Governments are the Real Transformers
In its February 2021 investor day press release, Philip Morris International made a short but remarkable statement about transformation: “The company believes that with the right regulatory frameworks, dialogue and support from civil society, cigarette sales can end within 10 to 15 years in many countries.” The company is saying to investors that its cash-cow—cigarettes—could be obsolete within the typical corporate planning horizon. This is a striking recognition of just how fast things could change if the transformation strategy were pursued purposefully by all parties. The other important idea here is that transformation needs to be a joint undertaking: Governments set the regulatory and fiscal framework. Governments, civil society, health professionals and academia create the “information environment,” shaping what people see, hear and think about their options. Imagine if everyone with a serious stake in public health got fully behind a transformation strategy?

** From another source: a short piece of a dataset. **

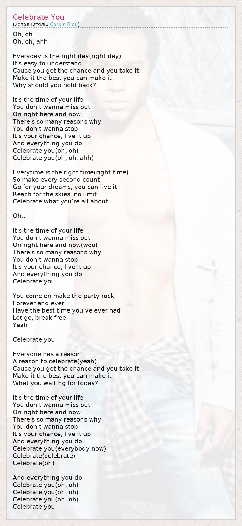 Oh, oh Oh, oh, ahh Everyday is the right day(right day) It's easy to understand Cause you get the chance and you take it Make it the best you can make it Why should you hold back? It's the time of your life You don't wanna miss out On right here and now There's so many reasons why You don't wanna stop It's your chance, live it up And everything you do Celebrate you(oh, oh) Celebrate you(oh, oh, ahh) Everytime is the right time(right time) So make every second count Go for your dreams, you can live it Reach for the skies, no limit Celebrate what you're all about Oh... It's the time of your life You don't wanna miss out On right here and now(woo) There's so many reasons why You don't wanna stop It's your chance, live it up And everything you do Celebrate you You come on make the party rock Forever and ever Have the best time you've ever had Let go, break free Yeah Celebrate you Everyone has a reason A reason to celebrate(yeah) Cause you get the chance and you take it Make it the best you can make it What you waiting for today? It's the time of your life You don't wanna miss out On right here and now There's so many reasons why You don't wanna stop It's your chance, live it up And everything you do Celebrate you(everybody now) Celebrate(celebrate) Celebrate(oh) And everything you do Celebrate you(oh, oh) Celebrate you(oh, oh) Celebrate you(oh, oh) Celebrate you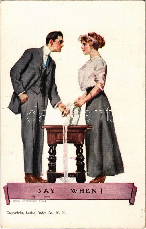 1913 Say when! Lady art postcard, humour. Leslie Judge Co.

The Abolitionists Fighting Transformation
The abolitionists are threatened by transformation as it will deny them the justification for a nicotine-free society. So they are fighting transformation, with agencies right up to the WHO pressing for the outright prohibition of noncombustible products or regulations that would treat low-risk products no differently than high-risk cigarettes. This approach has nothing to do with health and everything to do with the threat that low-risk products present to the goal of the nicotine-free society. We also see anti-tobacco activists trying to block the diversification strategy of tobacco companies—for example, making the absurd argument they should not even use their biotech capabilities to try to make Covid-19 vaccines. In the most disturbing case so far, activists tried to block tobacco industry diversification through the acquisition of a pharmaceutical company specializing in inhalation technologies. Once the transaction was completed, they threatened the employees with ostracization. One day, these scientists were good guys; the next day, they were bad guys, even though they were doing the same thing with the same purpose—just with different owners.
It’s almost as if these activists need tobacco companies to be permanent cigarette companies and nothing else. Perhaps they need an unambiguously evil enemy that fits their activist business model rather than a transformation that threatens to deny them the reason to exist.